Source URL: https://simonwillison.net/2024/Oct/20/gods-interns-and-cogs/#atom-everything
Source: Simon Willison’s Weblog
Title: The 3 AI Use Cases: Gods, Interns, and Cogs
Feedly Summary: The 3 AI Use Cases: Gods, Interns, and Cogs
Drew Breunig introduces an interesting new framework for categorizing use cases of modern AI:
Gods refers to the autonomous, AGI stuff that’s still effectively science fiction.
Interns are supervised copilots. This is how I get most of the value out of LLMs at the moment, delegating tasks to them that I can then review, such as AI-assisted programming.
Cogs are the smaller, more reliable components that you can build pipelines and automations on top of without needing to review everything they do – think Whisper for transcriptions or maybe some limited LLM subtasks such as structured data extraction.
Drew also considers Toys as a subcategory of Interns: things like image generators, “defined by their usage by non-experts. Toys have a high tolerance for errors because they’re not being relied on for much beyond entertainment."
Tags: drew-breunig, ai-assisted-programming, generative-ai, ai, llms
AI Summary and Description: Yes
Summary: The text presents a new framework for categorizing modern AI use cases, delineating three primary categories (Gods, Interns, and Cogs) along with a subcategory (Toys). This classification is relevant for understanding the different operational roles AI plays, particularly in software development and automation.
Detailed Description: The framework introduced by Drew Breunig categorizes AI applications into distinct groups, which provides insights into how AI can be leveraged in various operational contexts.
– **Gods**: Represents the concept of Artificial General Intelligence (AGI), which is still a theoretical construct. These AI systems would hypothetically operate at a level comparable to human intelligence across diverse tasks but remain in the realm of science fiction.
– **Interns**: This category includes AI systems that assist human users in a supervised capacity, often referred to as copilots. An example given is the usage of Large Language Models (LLMs) for tasks such as AI-assisted programming. Here, users delegate tasks to AI, allowing them to focus on reviewing and refining the outputs rather than generating everything from scratch.
– **Cogs**: These are reliable, smaller components used in automation and workflows without the need for constant supervision or review. Examples include tools like Whisper for transcription or LLMs performing specific subtasks like structured data extraction, which streamline processes in various applications.
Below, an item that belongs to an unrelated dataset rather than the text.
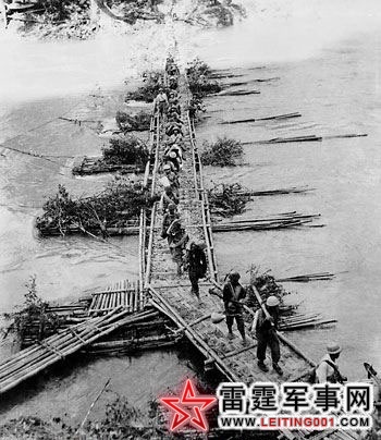 Bien Gioi 战役中一队越南人民军正通过Bac Can 省的一座竹制浮桥,这种浮桥在胡志明小道上非常典型。(1950)

– **Toys**: A subcategory of Interns highlighted by Breunig, Toys refer to AI applications that are generally simple and intended for entertainment or non-critical user experience. These applications can tolerate errors better since they aren’t employed for significant decision-making solutions.
This classification system has implications for practitioners in AI, software development, and infrastructure security:
– Understanding these categories can help teams decide which AI tools are appropriate for their purposes based on reliability and oversight needs.
– The distinction can influence compliance considerations, especially as organizations integrate more ‘Interns’ and ‘Cogs’ into their workflows, necessitating new privacy and security protocols.
– Recognizing the different roles of AI can guide investments in infrastructure security, ensuring that critical systems utilize the most reliable solutions while leveraging less critical applications appropriately.